*Work instructions:* Please reproduce the lines of the records below from the one holding "Zo ziet het" through the one holding "Colt S.A.A. Revolver", inclusive, skipping all pictures.

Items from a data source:
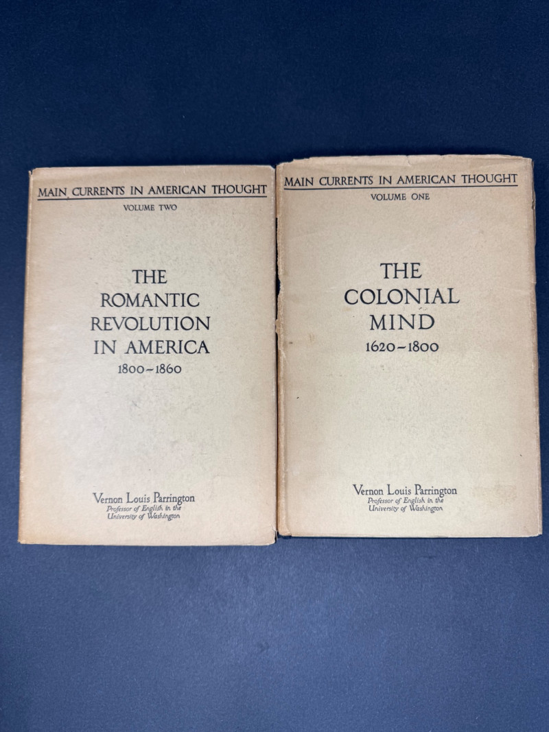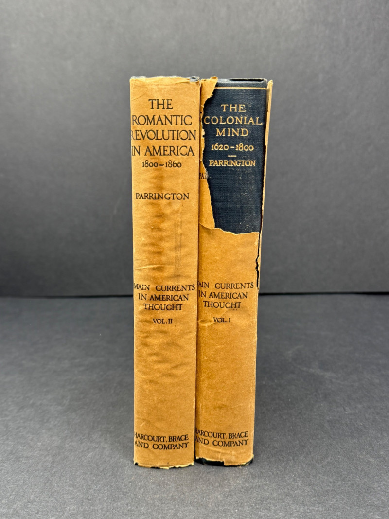 Main Currents in American Thought – Vernon Louis Parrington (First Editions, 1927) A significant pair of first edition volumes from Vernon Louis Parrington’s Pulitzer Prize–winning Main Currents in American Thought, a cornerstone in the study of American intellectual and cultural history. Volumes Included: Volume I: The Colonial Mind, 1620–1800 Volume II: The Romantic Revolution in America, 1800–1860 Author: Vernon Louis Parrington, Professor of English, University of Washington Notes: Awarded the Pulitzer Prize for History (1928) Represents one of the earliest systematic efforts to trace the intellectual foundations of the United States Highly regarded by historians and collectors alike for both content and historical importance Condition: Covers show toning, edge wear, and light creasing consistent with age Spines remain intact with some shelf wear Pages clean for era, with only mild foxing or age spotting Measurements: Why They’re Special:
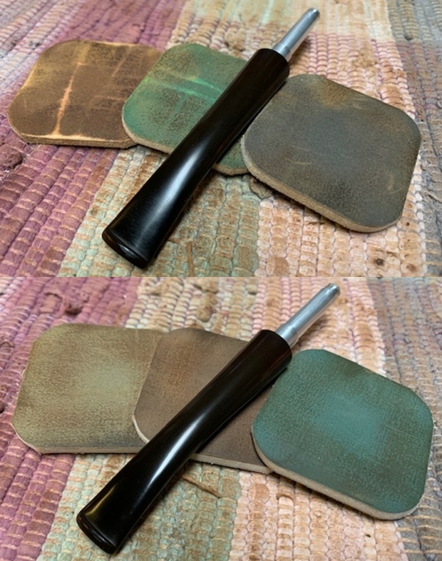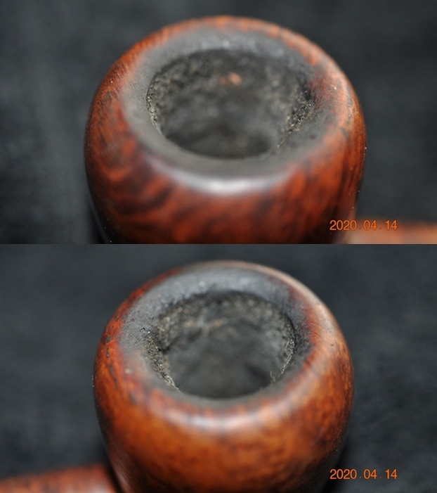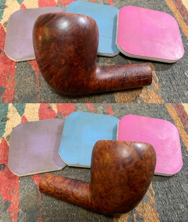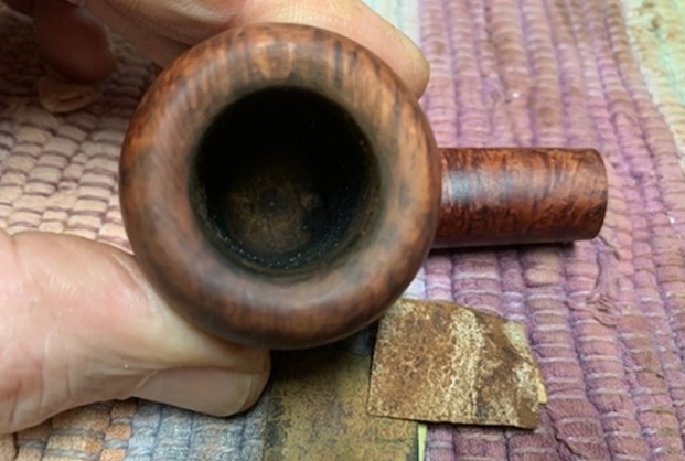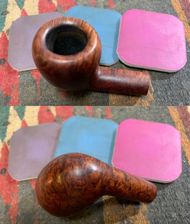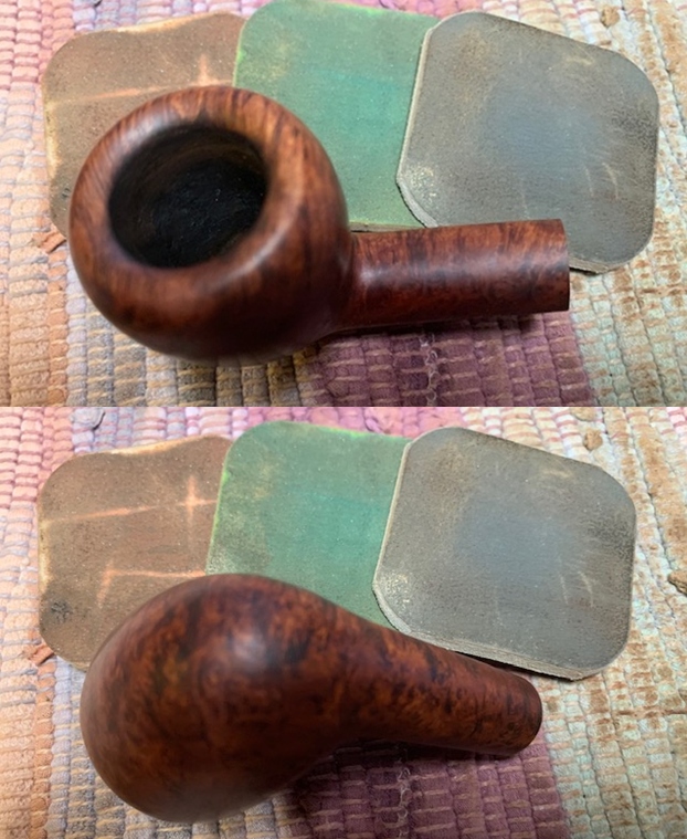 In order to lessen the burns damage on the rim, I ‘topped’ the pipe – that is to say, I gently and evenly sanded the rim on a piece of 400-grit sandpaper. This effectively minimized the damage, without altering the look of the pipe. Fortunately, this required only minimal topping.
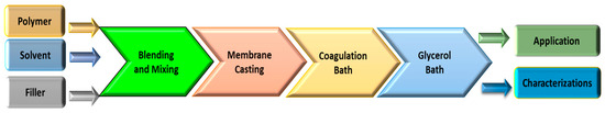 Although cellulose acetate (CA) was initially used as the casting solution when it was first invented by Loeb and Sourirajan in the 1960s [11], it may also be used with other polymers that can be dissolved into homogenous solutions. A polymer, a solvent, and a coagulation medium are the only three components typically needed for the phase inversion process (or non-solvent). Figure 2 illustrates the fabrication of a polymer membrane using the phase inversion method.
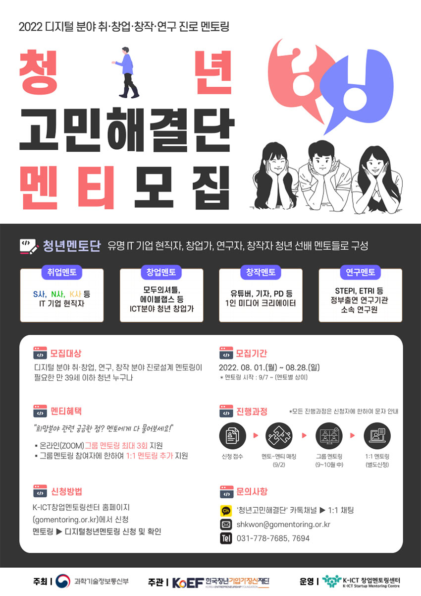 ○ 모집 기간 22. 8. 1(월) ~ 22. 8. 28(일) ○ 모집 대상(+졸업생 가능여부) 디지털 분야 취업 / 창업 / 연구 / 창작 계통으로 진로를 계획하고 있는 만 39세 이하 청년 누구나 ○ 활동 기간 9월 ~ 10월 중 그룹 멘토링 최소 1회, 최대 3회 진행 ○ 활동 혜택 그룹 멘토링 1회 이상 참여 시 1:1멘토링(1회) 참여 기회 제공 ○ 오프라인 모임 횟 수 (월 x회) 전체 온라인 진행 * 멘토 및 그룹원과 협의시 오프라인으로도 진행될 수 있음 ○ 지원 방법 K-ICT창업멘토링센터 홈페이지 지원 > 바로 가기 : https://bit.ly/3PNFsbS ○ 공식 카페/블로그 및 SNS - 페이스북 : https://bit.ly/3zsJq2K ○ 문의처 - 카톡채널 '청년고민해결단' 검색 > 일대일 문의 > 바로가기 : http://pf.kakao.com/_GuxmJb/chat
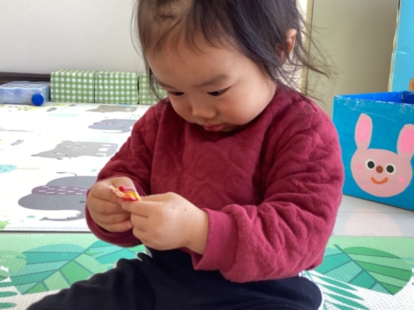 しっかりくっついているので力がいるのですが、指先を使って上手に剥がすことが出来ていましたよ☆
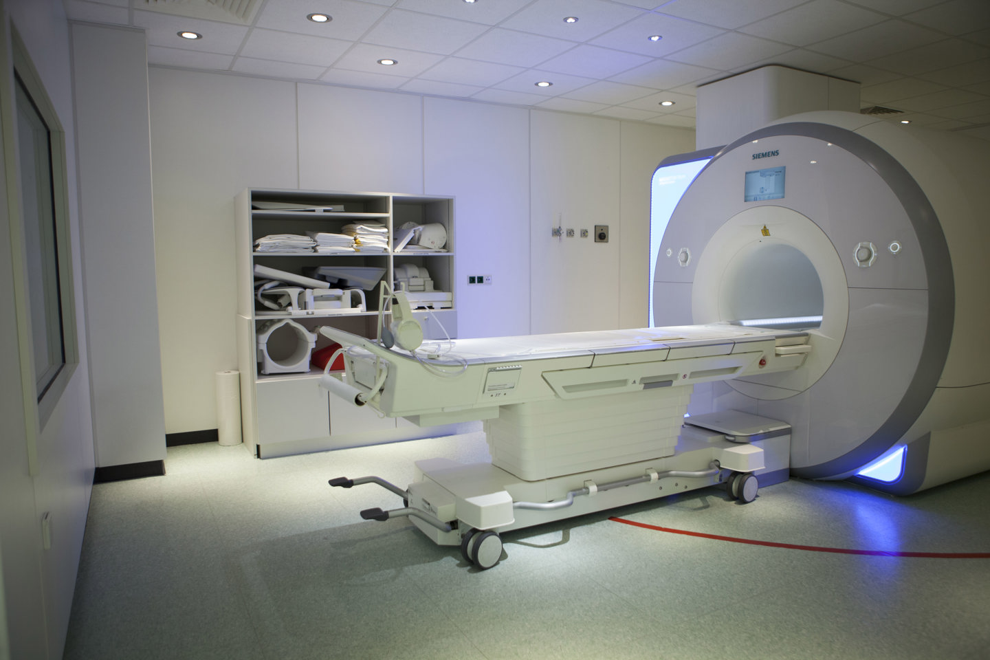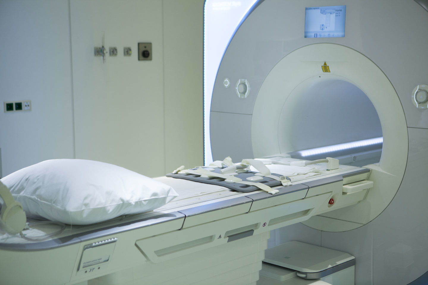 Zo ziet het scanapparaat eruit. Het lijkt op een tunnel en is aan twee kanten open. Het bed kan omhoog en omlaag en in en uit het scanapparaat worden geschoven.
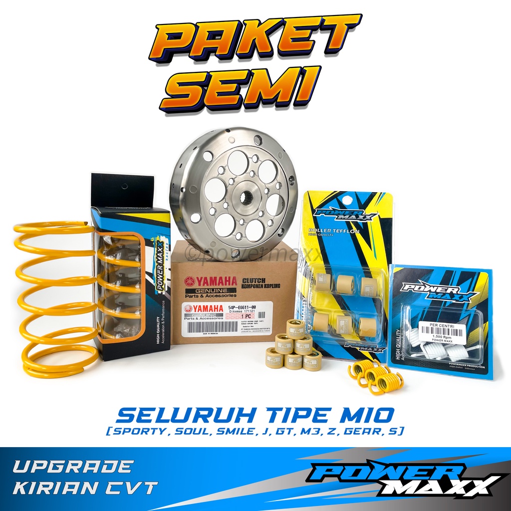 PAKET SEMI UPGRADE KIRIAN CVT mio j m3 smile soul z s gear gt 115 125 karburator karbu fi racing - Mangkok Kampas Ganda + Per CVT + Roller + Per Kampas Ganda - powermaxx power max powermax
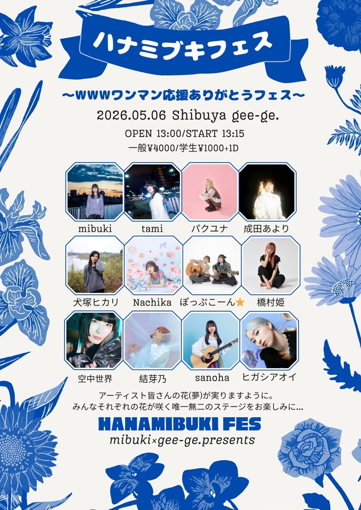 Shibuya gee-ge. mibuki×gee-ge. presents. 「ハナミブキフェス」 〜WWWワンマン応援ありがとうフェス〜 SCHEDULE 2026/05/06(水) 13:00 - Shibuya gee-ge. 地図を表示 OPEN 13:00/START 13:15 🎫一般¥4,000/学生¥1,000(各+1D) チケットご予約はこちらから✨ URLをコピーする 報告する
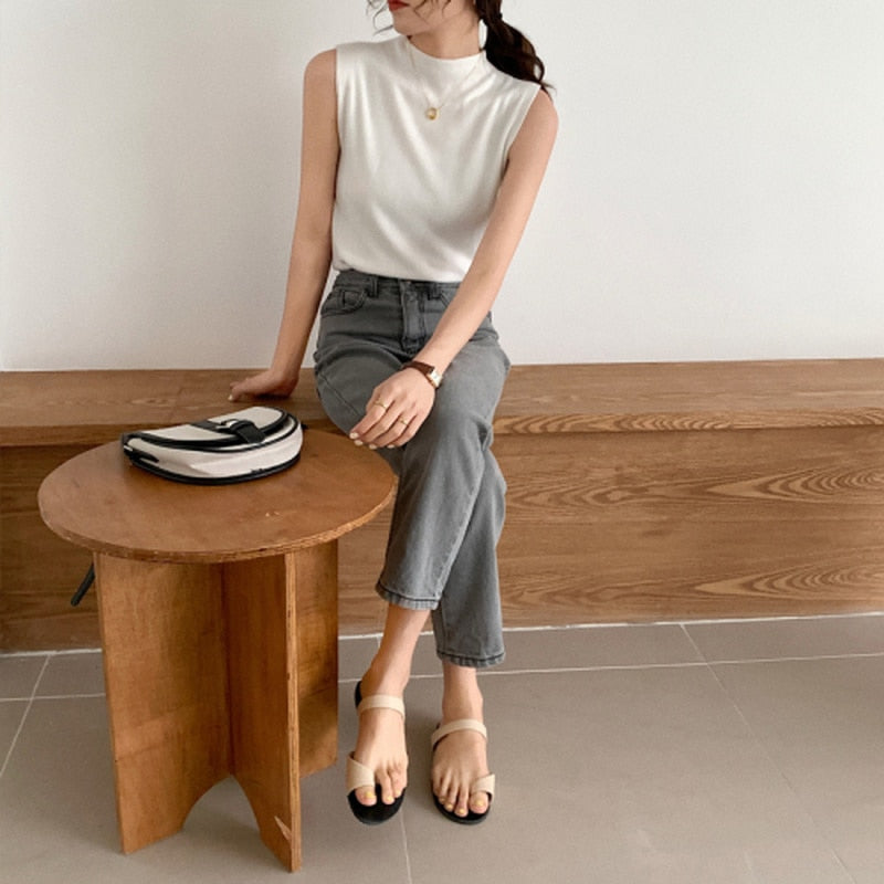Sexy Knitted Top Summer Turtleneck Tank Top Female Sleveless T-shirt Vest Casual Women Camisole Blouse Sleeveless Slim Top 13122
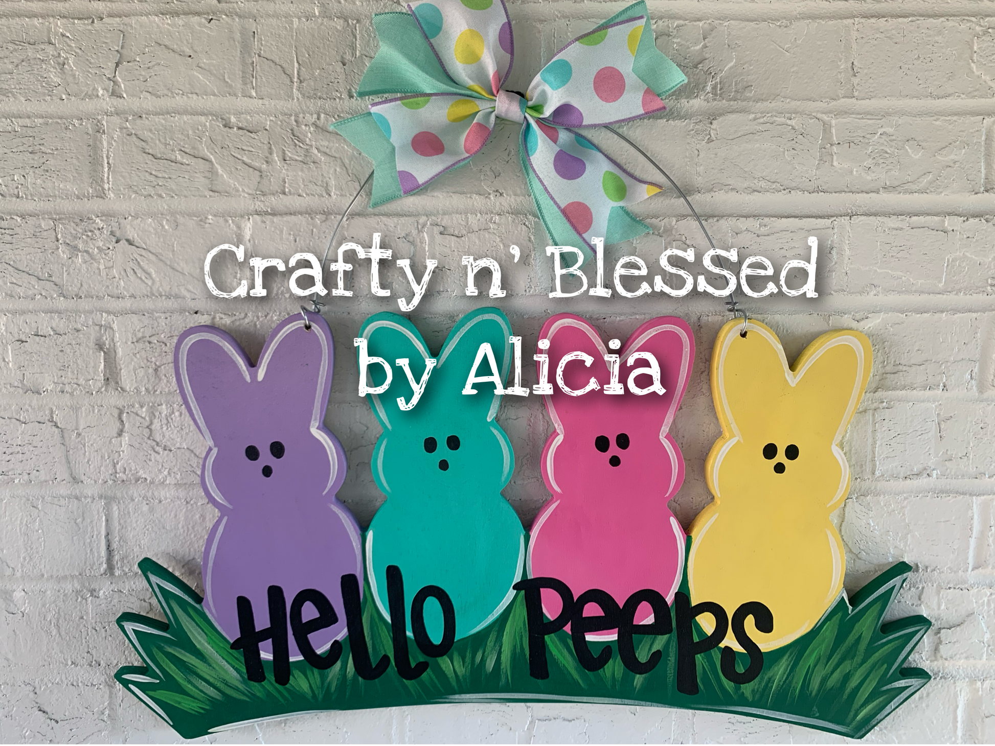 This is a listing for a Peeps Door Hanger as pictured. It measures 23" wide and CAN be customized! You can personalize the wording or change the color scheme.
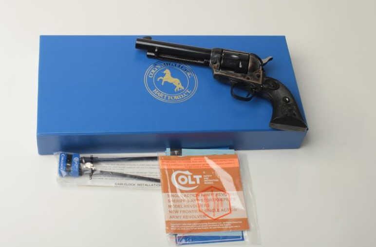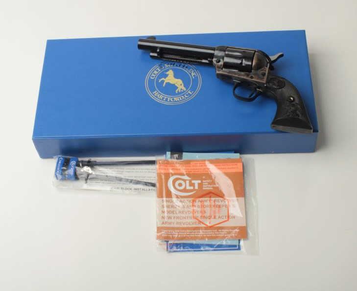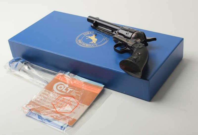 Colt S.A.A. Revolver in .45 Colt caliber, 5 ½” barrel, blue and case hardened with eagle grips, S/N S37024A. Like new in box from dealer’s inventory and never sold. Currently back ordered and not available. 99% New. In original box.(Exempt/No PPT) Est.: $1000-$2000
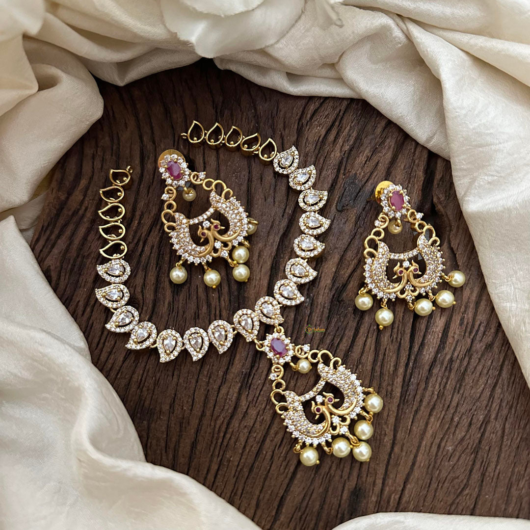 Elevate your style with this AD Stone Peacock Pendant Short Neckpiece in striking red and pearl, complete with matching earrings. Experience the beauty and grace of the peacock with this elegant and eye-catching statement piece. Perfect for any occasion, this necklace will add a touch of sophistication to any outfit.
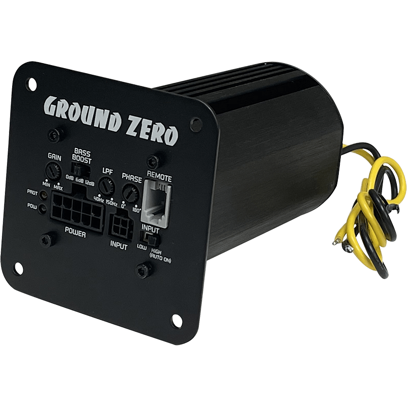 Amplificador compacto GROUND ZERO GZ SUB-AMP 300 de clase D, ideal para sistemas de audio en vehículos. Con 330 W RMS, ofrece potencia y calidad de sonido para cajas de subwoofer. Fabricado en metal y plástico, cuenta con controles precisos de ganancia, filtro paso bajo y fase. Incluye cable de conexión amarillo con pinzas para batería. Perfecto pa
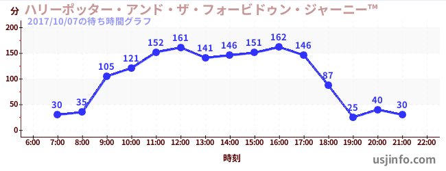 • ハリーポッター・アンド・ザ・フォービドゥン・ジャーニー™$B$N(B2017年10月07日の待ち時間
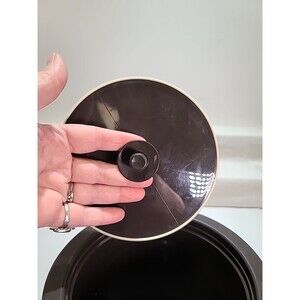 This vintage Tupperware ice bucket in mocha brown is a must-have for any home bar or entertaining space. The push button lid keeps ice cubes fresh and cool, while the airtight seal ensures no spills or leaks. Measuring 9" in height and 8" in width, this 2-piece set includes a lid and is made of durable, reusable plastic.
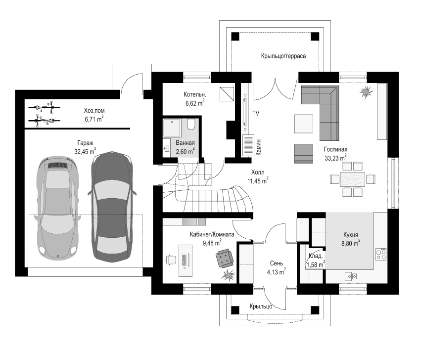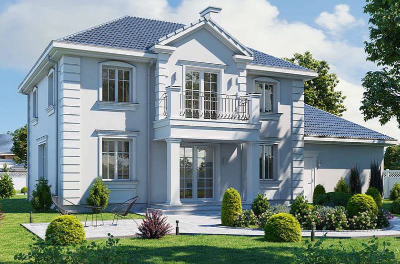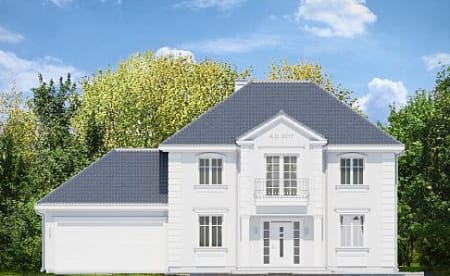 Проект двухэтажного шестикомнатного каркасного жилого дома 10,99 м х 16,41 м в классическом стиле общей площадью 249 кв.м с гаражом для двух автомобилей, с террасой, с пятью спальнями, с тремя санузлами, с камином.
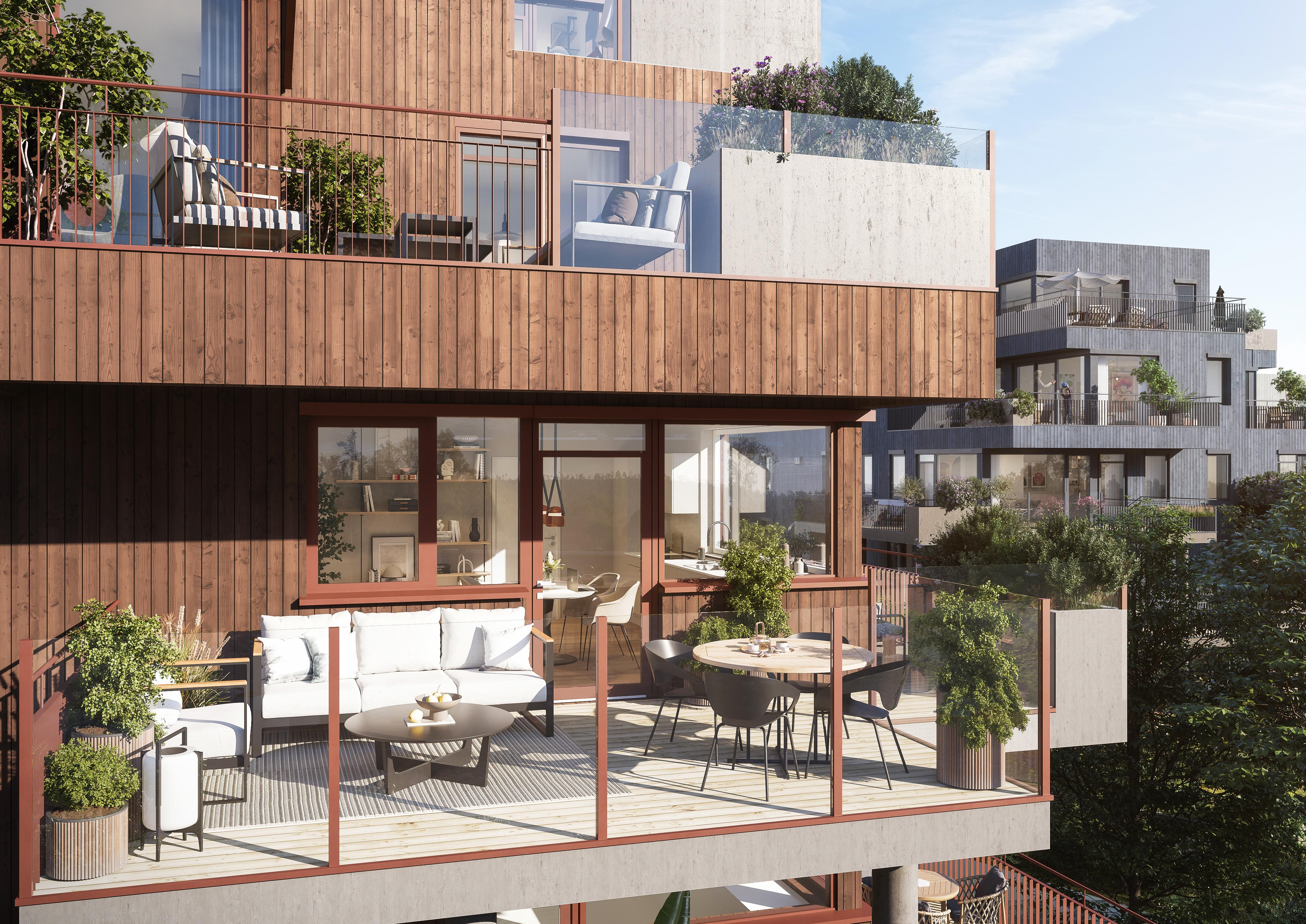 Hver leilighet har sin egen unike utendørs oppholdsplass utstyrt med en integrert plantekasse for dyrking av alt fra busker til mindre trær. De rause uterommene har flere møblerbare soner, både overdekkede og åpne soner. Med sin betydelige utstrekning gir de private uteplassene mulighet til en sømløs overgang mellom interiør og eksteriør i alle etasjer.

*Written solution:*
 Zo ziet het scanapparaat eruit. Het lijkt op een tunnel en is aan twee kanten open. Het bed kan omhoog en omlaag en in en uit het scanapparaat worden geschoven.
 PAKET SEMI UPGRADE KIRIAN CVT mio j m3 smile soul z s gear gt 115 125 karburator karbu fi racing - Mangkok Kampas Ganda + Per CVT + Roller + Per Kampas Ganda - powermaxx power max powermax
 Shibuya gee-ge. mibuki×gee-ge. presents. 「ハナミブキフェス」 〜WWWワンマン応援ありがとうフェス〜 SCHEDULE 2026/05/06(水) 13:00 - Shibuya gee-ge. 地図を表示 OPEN 13:00/START 13:15 🎫一般¥4,000/学生¥1,000(各+1D) チケットご予約はこちらから✨ URLをコピーする 報告する
Sexy Knitted Top Summer Turtleneck Tank Top Female Sleveless T-shirt Vest Casual Women Camisole Blouse Sleeveless Slim Top 13122
 This is a listing for a Peeps Door Hanger as pictured. It measures 23" wide and CAN be customized! You can personalize the wording or change the color scheme.
 Colt S.A.A. Revolver in .45 Colt caliber, 5 ½” barrel, blue and case hardened with eagle grips, S/N S37024A. Like new in box from dealer’s inventory and never sold. Currently back ordered and not available. 99% New. In original box.(Exempt/No PPT) Est.: $1000-$2000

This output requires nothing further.